The court thus finds the defendant's base offense level is 30, plus 2 for possession of a firearm in connection with the offense, less three for acceptance of responsibility, resulting in a total offense level of 29. The defendant's criminal history category is V. His sentencing range under the Guidelines is 140 to 175 months. Both parties urged the court to sentence at the low end of the Guidelines range.
The defendant has been in custody on state charges since October 20, 2014, for conduct that forms the basis of his criminal charge in this case. In order to assure that the defendant is credited for that time, the court finds his recommended low-end Guidelines sentence should be reduced by 12 months, resulting in a sentence of 132 months. See U.S.S.G. 5G1.3(b)(1). The parties have no objection to that procedure.
No Guidelines departure is at issue in this case. In consideration of the sentencing factors set forth in 18 U.S.C. § 3553(a), the court finds that a sentence of 132 months (eleven years), is sufficient, but not greater than necessary, to accomplish the goals of sentencing. This sentence is within the Guidelines sentencing range after application of U.S.S.G. 5G1.3. With respect to the nature of the offense, the court notes that distribution of methamphetamine is undoubtedly a serious offense. However, the defendant's addiction operates to less-en his culpability to some degree. The court has also considered the history and characteristics of the defendant. He is a thirty-two-year-old man with a significant criminal history, but many of his convictions are linked to drug abuse and addiction. The defendant's prospect for rehabilitation is also relevant to the determination of a reasonable sentence. This sentence will provide the defendant the opportunity to undergo the BOP's 500-Hour Intensive Drug Treatment Program. The defendant has not had the opportunity to undergo drug treatment, although it has been recommended.
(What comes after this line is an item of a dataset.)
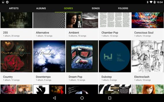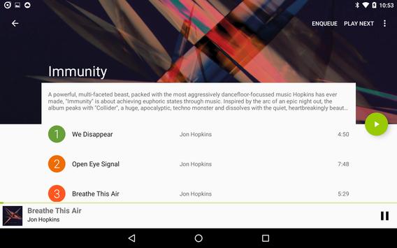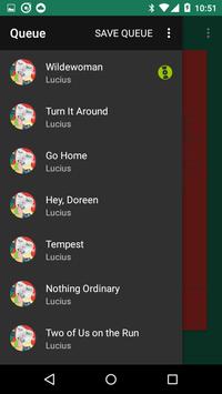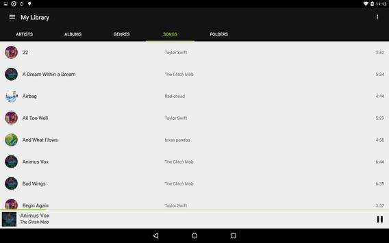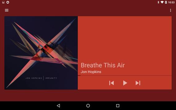 Full playback controls are in a thumb friendly right sliding drawer, to access swipe from the right edge an any screen, or long click on the play/pause button.

In formulating this sentence, the court has considered the sentencing range established by the Guidelines and finds a Guidelines sentence, without application of the career offender Guideline, is appropriate in this case and satisfies the purposes of sentencing. In light of the defendant's criminal history, the court finds that a sentence including incarceration for some significant length of time is necessary to achieve the goals of sentencing, to establish some level of proportionality with respect to other drug trafficking crimes, and to reduce the perception of unwarranted disparity. A sentence of 132 months reflects the seriousness of the offense, promotes respect for the law and provides just punishment. Further, an eleven year sentence is sufficient to deter others from engaging in similar criminal conduct. The value of any additional prison time as a deterrent would be marginal.
A Judgment in accordance with the Sentencing Memorandum has issued. See Filing No. 40.
In Johnson, the Supreme Court held that "imposing an increased sentence under the residual clause of the Armed Career Criminal Act violates the Constitution's guarantee of due process," and specifically overruled its "contrary holding in James." Johnson, 135 S.Ct. at 2563.